It’s in the Blood

It’s in the Blood

By KIM BELLARD

People are fascinated by blood. Well, it would seem so, given our fondness for vampires, gory movies, and true crime stories. I’m not so keen on any of those, but I was struck by several recent developments about how blood tests can help diagnose medical problems faster, more definitively, and less invasively.

Because, really, shouldn’t that be what our healthcare system always should strive for?

Take concussions. If you are a football fan, you’re very familiar with the problem that it seems very subjective about whether a player has suffered a concussion. They’re not the only ones. Millions of people suffer concussions each year – the vast majority of whom are not athletes – and more than half never get it evaluated.
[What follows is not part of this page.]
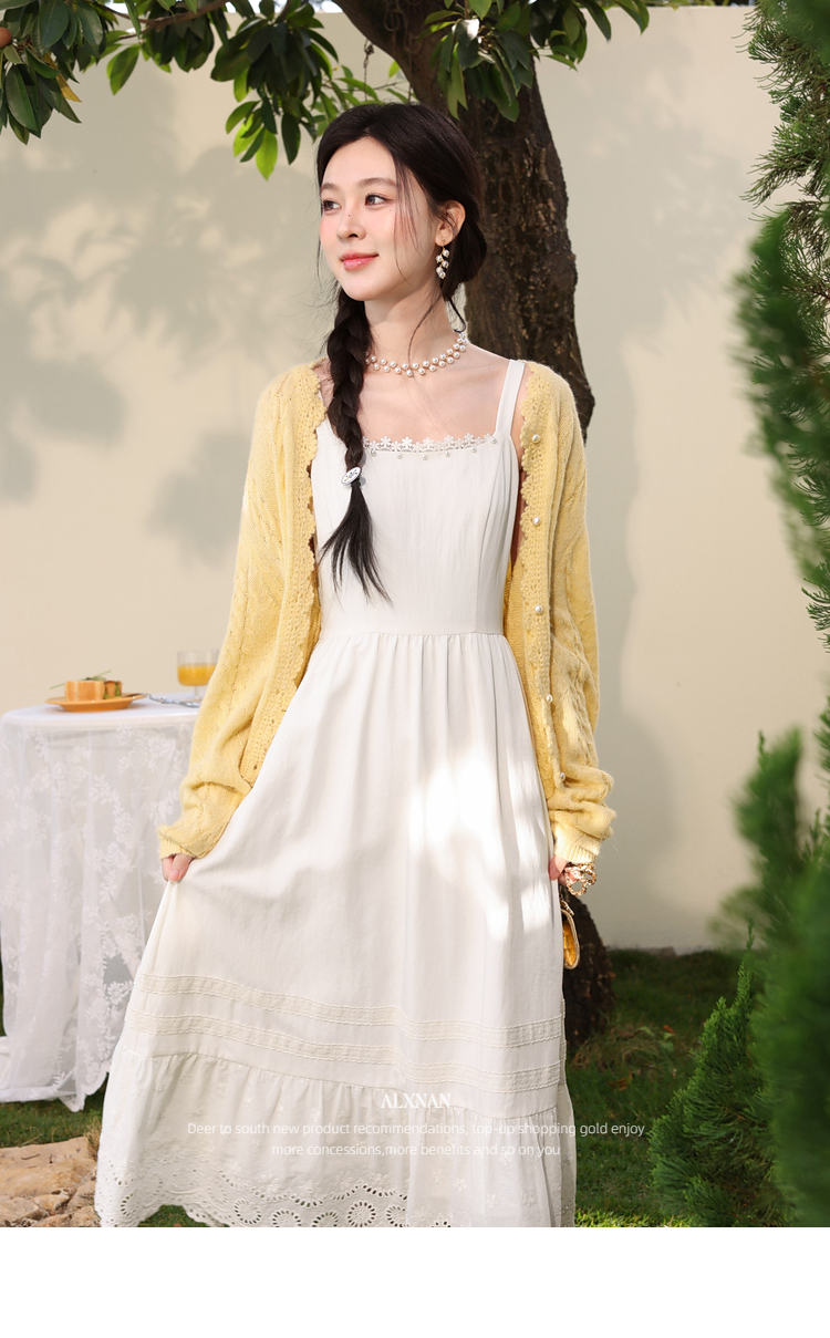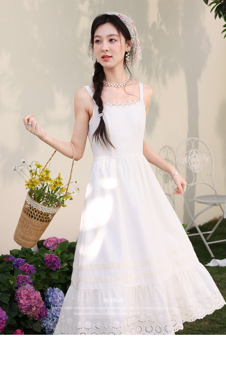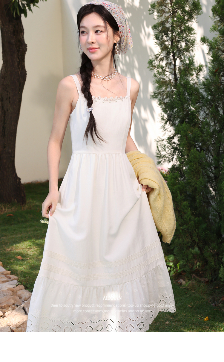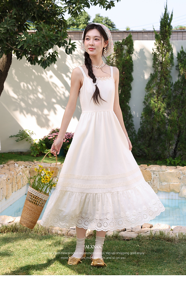 鹿向南「山茶漫记」米白色方领吊带连衣裙女春高腰显瘦巨好看长裙 商品图1

In April Abbott received FDA approval for a rapid blood test, producing results in 15 minutes. It can be done at a patient’s beside, and not require a lab. “Clinicians have needed an objective way to assess patients with concussions,” said Beth McQuiston, M.D., medical director in Abbott’s diagnostics business. “When you look at all the other diseases, or other organs in the body, they all have blood tests to help assess what’s happening. Now, we have a whole blood test that can help assess the brain right at the patient’s bedside – expanding access to more health providers and therefore patients.”
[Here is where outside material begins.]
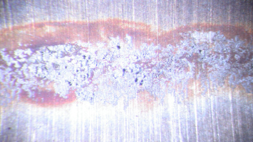 样品清理前存在回火色的区域,有非常严重的腐蚀

Expect to see the Abbott’s i-STAT TBI cartridge and portable i-STAT® Alinity® instrument in emergency rooms, not to mention on NFL sidelines.
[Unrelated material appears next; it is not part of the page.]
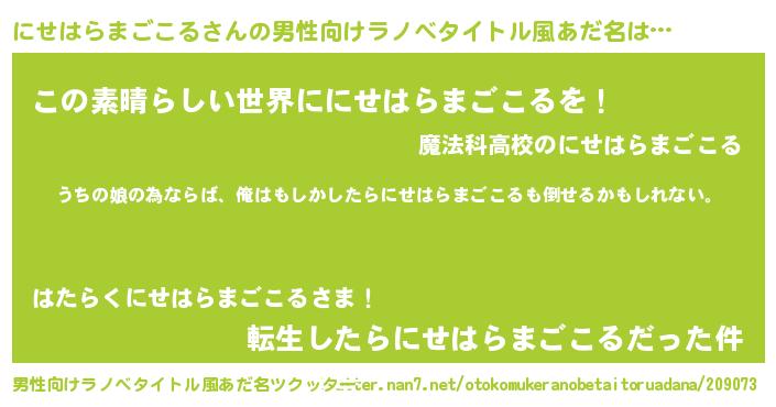 | ファンタジー風あだ名 | 『エターナルニセハラマゴコルー』 |

Or Alzheimer’s disease. Many realize that it has historically been very difficult to diagnose, often not definitively until after death. Now a new study suggests a blood test can accurately diagnose it 90% of the time, which is much higher than even neurologists can do. The test is more accurate the later the stage of Alzheimer’s a person has.

Specifically, it measures “the ratio of plasma phosphorylated tau 217 (p-tau217) relative to non–p-tau217 (expressed as percentage of p-tau217) combined with the amyloid-β 42 and amyloid-β 40 plasma ratio (the amyloid probability score 2 [APS2]).” Got that?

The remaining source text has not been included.